After being notified in late 1999 that he was practicing law in violation of our order of suspension, respondent checked with the CLE Commission. By May 8, 2000, respondent had ceased to practice law and had taken other steps to comply with our June 18, 1993 order.
The panel concluded that respondent's conduct from June 18, 1993 through May 8, 2000, violated DR 3-101(B) (a lawyer shall not practice law in a jurisdiction where doing so is in violation of the regulations of that jurisdiction), 1-102(A)(4) (a lawyer shall not engage in conduct involving dishonesty, fraud, deceit, or misrepresentation), and 1-102(A)(5) (a lawyer shall not engage in conduct prejudicial to the administration of justice). The panel found in mitigation that respondent is a recovering alcoholic who has worked closely with the Ohio Lawyers Assistance Program, Inc. and that during the summer of 1993, respondent was having a difficult time due to his condition. The panel also found that respondent, who assumed that paying the fines was all he needed to do to comply with our June 1993 order, is currently, and has been since 1992, in full compliance with his CLE requirements. Finally, the panel heard testimony from a magistrate called under subpoena, and received more than twenty letters from attorneys and from judges written under subpoena testifying to the ability and good character of respondent. All confirmed that during the period after June 1993, respondent provided competent representation to his clients.

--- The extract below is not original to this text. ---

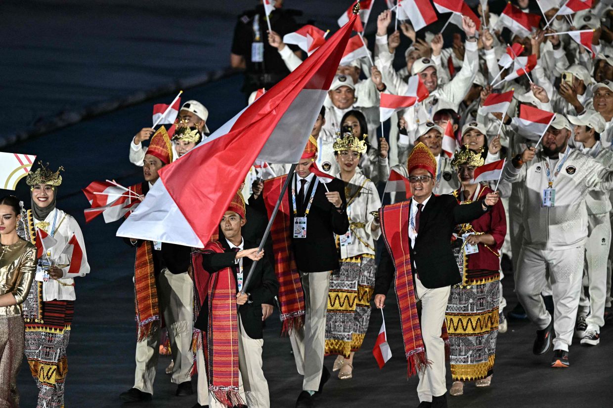 Malaysia's team members hold flags during the opening ceremony of the 33rd South-East Asian Games in Bangkok, Thailand, Tuesday, Dec. 9, 2025. -- AP Photo/Achmad Ibrahim

The panel recommended that respondent be suspended from the practice of law for two years with one year of the suspension stayed. The board adopted the findings, conclusions, and recommendations of the panel.
On review of the record, we adopt the findings, conclusions, and recommendation of the board. Respondent is hereby suspended from the practice of law for two years with one year suspended and with credit for the time he has not practiced since May 8, 2000. Costs are taxed to respondent.
MOYER, C.J., DOUGLAS, RESNICK, F.E. SWEENEY and COOK, JJ., concur.
PFEIFER and LUNDBERG STRATTON, JJ., dissent.
I dissent from the majority's decision on actually suspending respondent for one year. Since the respondent seems to have recovered and turned his life around, is in full compliance with all payment of fines and CLE, and believed, mistakenly, that he was entitled to resume practice, I believe we gain nothing by removing respondent from practice. The respondent has had no other disciplinary complaint during those seven years. I believe we should suspend the two years and place respondent on probation with the condition that he keep current with all CLE requirements. Therefore, I respectfully dissent from the sanction imposed by the majority.
PFEIFER, J., concurs in the foregoing dissenting opinion.